If we do it one by one, that's too slow, so I'm thinking process 5 files at a time using goroutine(we can not process too much at a time cause the CPU cannot bear).
I'm a newbie in golang, I'm not sure if my thought is correct, I think the function A() is a producer and the function B() is a consumer, function B() will deal with the file that produced by function A(), and I wrote some code below, forgive me, I really don't know how to write the code, can anyone give me a help? Thank you in advance!
package main
import "fmt"
var Box = make(chan string, 1024)
func A(file string) {
fmt.Println(file, "is processing in func A()...")
fileGenByA := "/path/to/fileGenByA1"
Box <- fileGenByA
}
func B(file string) {
fmt.Println(file, "is processing in func B()...")
}
func main() {
// assuming that this is the file list read from a directory
fileList := []string{
"/path/to/file1",
"/path/to/file2",
"/path/to/file3",
}
// it seems I can't do this, because fileList may have 1000 or more file
for _, v := range fileList {
go A(v)
}
// can I do this?
for file := range Box {
go B(file)
}
}
Update:
sorry, maybe I haven’t made myself clear, actually the file generated by function A() is stored in the hard disk(generated by a command line tool, I just simple execute it using exec.Command()), not in a variable(the memory), so it doesn't have to be passed to function B() immediately.
I think there are 2 approach:
approach1
approach2
Actually I prefer approach2, as you can see, the first B() doesn't have to process the file1GenByA, it's the same for B() to process any file in the box, because file1GenByA may generated after file2GenByA(maybe the file is larger so it takes more time).

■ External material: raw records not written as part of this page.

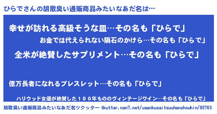 | ピコ太郎風あだ名 | 『ヒラ次郎』『ピヒ五郎』『ヒヒ太郎』 |
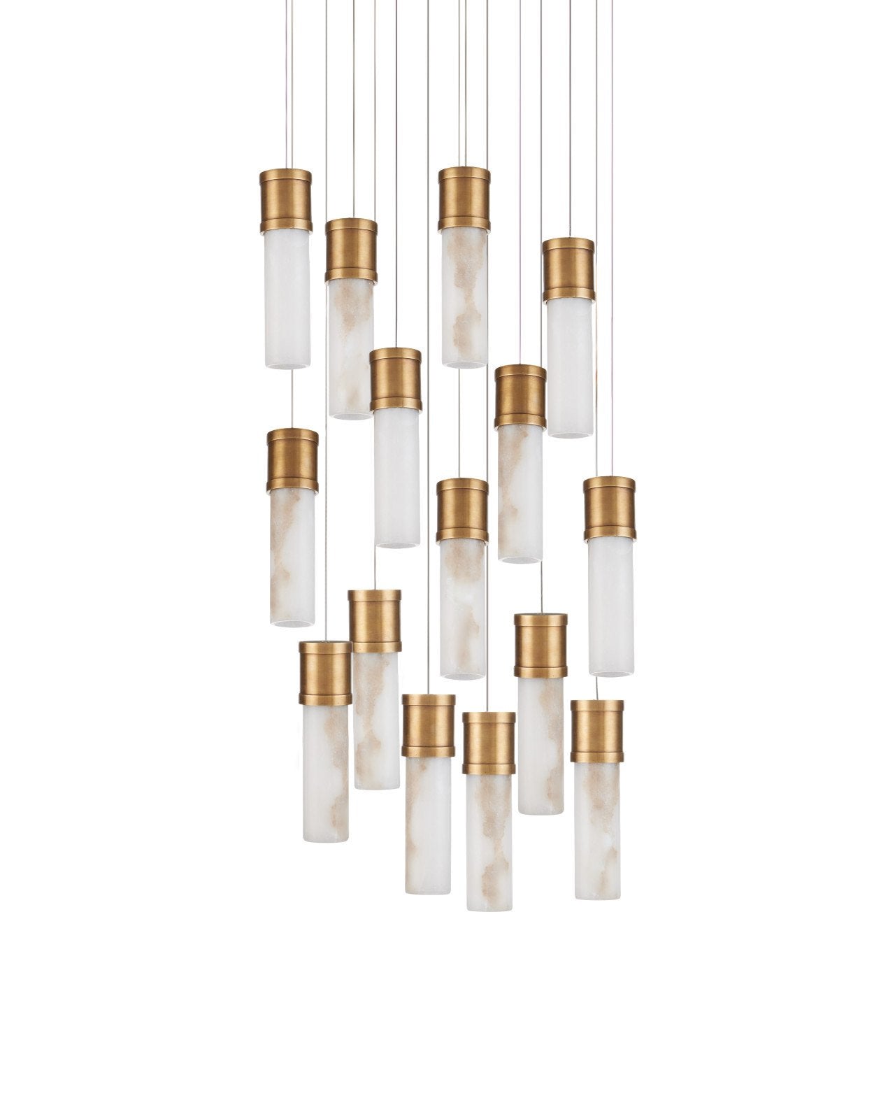 The Cannula 15-Light Round Multi-Drop Pendant features shades with brass caps in a vintage brass finish that has industrial characteristics. Suspended from the caps are tubes made of real alabaster, showcasing the natural variations of the stone so that each piece is slightly unique. The blend of warm metal and luminous stone brings both texture and refinement to the design.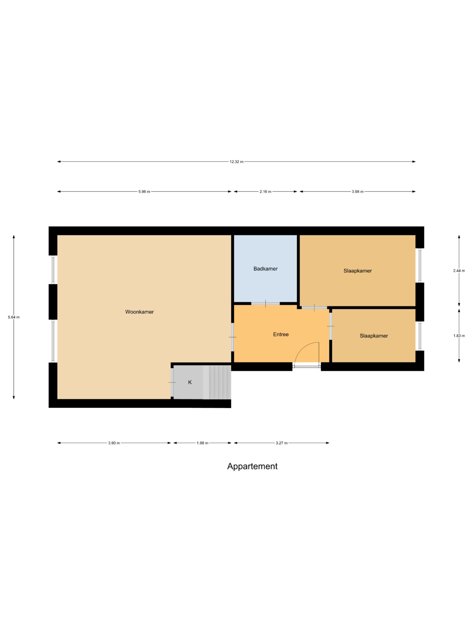 Middels een centrale hal is het appartement toegankelijk. Een ruime hal geeft toegang tot alle vertrekken van het appartement.

You could spawn 5 goroutines that read from a work channel. That way you have at all times 5 goroutines running and don't need to batch them so that you have to wait until 5 are finished to start the next 5.
func main() {
stack := []string{"a", "b", "c", "d", "e", "f", "g", "h"}
work := make(chan string)
results := make(chan string)
// create worker 5 goroutines
wg := sync.WaitGroup{}
for i := 0; i < 5; i++ {
wg.Add(1)
go func() {
defer wg.Done()
for s := range work {
results <- B(A(s))
}
}()
}
// send the work to the workers
// this happens in a goroutine in order
// to not block the main function, once
// all 5 workers are busy
go func() {
for _, s := range stack {
// could read the file from disk
// here and pass a pointer to the file
work <- s
}
// close the work channel after
// all the work has been send
close(work)
// wait for the workers to finish
// then close the results channel
wg.Wait()
close(results)
}()
// collect the results
// the iteration stops if the results
// channel is closed and the last value
// has been received
for result := range results {
// could write the file to disk
fmt.Println(result)
}
}
https://play.golang.com/p/K-KVX4LEEoK
you're halfway there. There's a few things you need to fix:
your program deadlocks because nothing closes Box, so the main function can never get done rangeing over it.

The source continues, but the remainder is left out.